The Second Spiritual Danger: Coming Judgment and Eternal Exile

And notice the second warning in verse 14.  “I scattered them with a whirlwind among all the nations they had not known.  Thus the land was left desolate so that no one went to and fro and the pleasant land was made desolate.”  The curses of the covenant that God had promised fell as He said they would upon that generation.  Judgment came.  And so dear friends it will come on all who will not repent, who will not hear and turn and flee to Christ for mercy at the summons of His Word.  And it will not simply be the judgment of temporary exile but the outer darkness of eternal exclusion from the presence of God in hell forever.  I’m trying to alarm you.  I’m trying hard to alert you to danger you who profess to be a Christian while living like the world.  I’m trying to make yourself ask yourself if you’ve ever really responded from the heart to the Gospel of Jesus Christ.  “The first and great work of a Christian,” wrote Richard Baxter, “is about his heart.”  Are you concerned about your heart, yourself, the core of who you are?  Are you right with God?  Or is your Christianity a thing of words and form and show?  Judgment is coming.  God will not listen to the pleas for lenience from anyone who did not listen to the Gospel pleas of Jesus Christ to come and repent and believe.  Holiness is the necessary fruit of faith in Jesus.  “Show me your faith without works,” James says, “and I will show you my faith by what I do.”  “No good tree,” says our Lord Jesus, “bears bad fruit, nor again does a bad tree bear good fruit, for each tree is known by its fruit, for figs are not gathered from thorn bushes, nor are grapes picked from a bramble bush.  The good person out of the good treasure of his heart produces good and the evil person out of his evil treasure produces evil.  For out of the abundance of the heart his mouth speaks.”  A heart that trusts in Jesus, a heart that has been made new by His grace, is a heart that bears good fruit in a changed life. 

 

What does your life reveal about how your heart has answered the call of Christ to repent and believe?  Oh, understand church membership is no immunity.  Fasting and singing and praying provide no immunity.  A changed heart is what you need.  A changed heart.  And only Jesus Christ can give it to you.

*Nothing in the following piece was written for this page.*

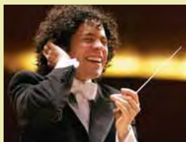
Gustavo Dudamel, initiativtagare till El Sistema i Hammarkullen.

startades av politikern och musikern José Antonio Abreu i Venezuela för drygt 30 år sedan. Syftet är att ge barn och ungdomar möjlighet att utvecklas genom att spela musik tillsammans. Musicerandet ska fungera som ett skydd mot att hamna i sociala svårigheter. Gustavo Dudamel har själv sin musikaliska bakgrund i El Sistema.

Would you look to Christ?  Would you do it now?  He can give you a changed heart. Would you flee to Jesus?  Do it now.  Let’s pray together.

 

O our Father, we bow before You trembling in the knowledge that though You have been at work in us there is still yet much of our remaining corruption to shame us.  We ask for mercy and cleansing.  We would repent and flee to the only fountain that has been opened for sin and uncleanness in the wounds of our Savior the Lord Jesus.  And how we pray for any here for whom their religion is a matter of words and form and show, who think it nothing more than a philanthropic bent of heart.  O Lord, would You pierce them to the heart?  Show them the bankruptcy of their very best works and help them to recognize that they need renovation and only You, only Christ can give it.  Pour out Your Spirit upon the seed of the Word.  Water it that it might bear fruit in a harvest of repentance and faith, for we ask it in the name of Jesus.  Amen.